Where do good friends end and where is true love introduced?
The blurred lines were too fast and intoxicating
They’d flit between wanting to laugh my head off for no other reason than being with you
To wiping my smile right off and reminding me who it really was that wanted to be held
If I had felt a true adult then do you really think I’d have been standing, shaking, preparing in my best shirt at your closed door
Do you think if I was ready to be myself then I would have been hiding in your back garden, looking up at the light from your bedroom window
There is that line that I found too difficult to cross and not wanting to put everything into fate just in case it whacked me back down to earth
Maybe if I had said something
Then we wouldn’t now just be memories
If only I had been able to look you in the eye
Then maybe we’d still be there
If I found myself in those situations today
I could handle them perfectly
I know I would have been your best ever
If only I could have been braver than I was
Then maybe we’d still be listening to the same songs
In the same room
At the same time...
That f*****g four letter word became the greatest force in my life and I wasn’t sure if I really understood what it meant.
So I sit here today and lift the needle that rotated to a sudden stand still
I sit here and thumb the only birthday present that you ever gave to anyone
And I thank you for starting it all for me
I thank you for showing me something other than my house and that street
I smile slightly thinking of all that we did and also the things that we never got to see
That is why I’m grateful, but hateful that you are a thing of the past
Some day I’ll tell you all about it
And thank you for introducing me to those records and giving me excitement in my days
But tonight I just watch it all in my mind on the other side
And say hello and goodbye to another world away…

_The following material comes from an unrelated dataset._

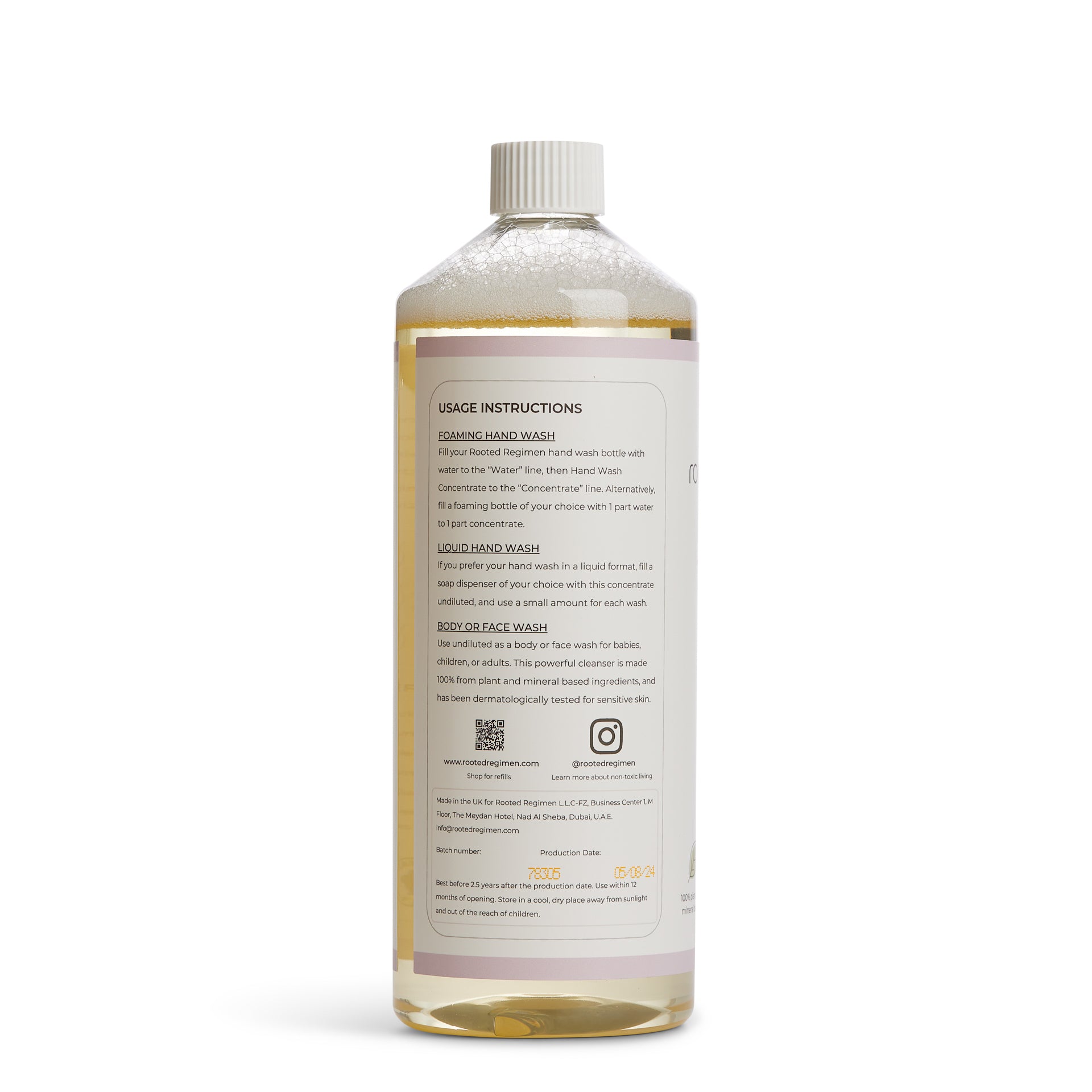 - Versatile: Use it diluted as a foaming hand wash with Rooted Regimen's Glass Foaming Hand Wash bottle. Also use it undiluted as a liquid hand soap in a dispenser of your choice, or as a gentle body and face wash for the whole family, including infants and babies.
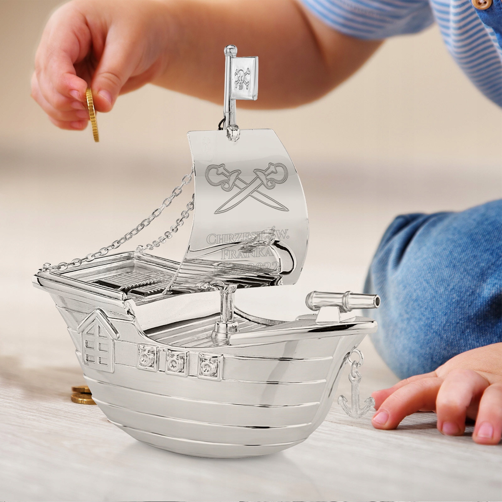 Копилка в виде пиратского корабля – отличный подарок на многие случаи жизни. Необычайно нарядный внешний вид копилки делает ее чрезвычайно привлекательной для самых маленьких! Он обязательно станет сувениром к особым событиям в жизни ребенка, например, День рождения или Святое Крещение. Он изготовлен из высококачественного материала, все изделие посеребрено и покрыто глянцевым лаком. Внизу имеется заглушка для извлечения денег.

This brought smiles to my face, I could relate so well, and a part of me is thinking this a great "Say Anything" reference, but then again, that's how I roll. What you've wrote screams my first boyfriends name, are you sure we never dated before?
"I gave her my heart, she gave me a pen"
Anywho. I really like this. It hits and gives chills, and I wish I could give a little more than incoherant ramblings, but my mind's spinning with the words.
I liked the mood of lonely melancholy this drums up, particularly in the last four verses and the way it swings between sadness and anger. She is long gone but you still have the machine which provides a direct link to her and triggers your reflectivenss and yearnings. When i first looked at this i was put off a little by the line lengths at the top, but it was worth reading through them to get to the pay dirt lower. Oh and I am puzzled by the title, which definitely pulled me into it as it made me curious. 'Norton' was an old motorbike, but its nothing to do with that clearly.
This brought smiles to my face, I could relate so well, and a part of me is thinking this a great "Say Anything" reference, but then again, that's how I roll. What you've wrote screams my first boyfriends name, are you sure we never dated before?
"I gave her my heart, she gave me a pen"
Anywho. I really like this. It hits and gives chills, and I wish I could give a little more than incoherant ramblings, but my mind's spinning with the words.
Super read. Have to go and search out my copy of Say Hello and Wave Goodbye now or were you alluding to another record?
Nice alliteration with 'f*****g four' made that part really stand out which I felt was very important to the poem.
And thanks for mentioning vinyl. Can't live without it!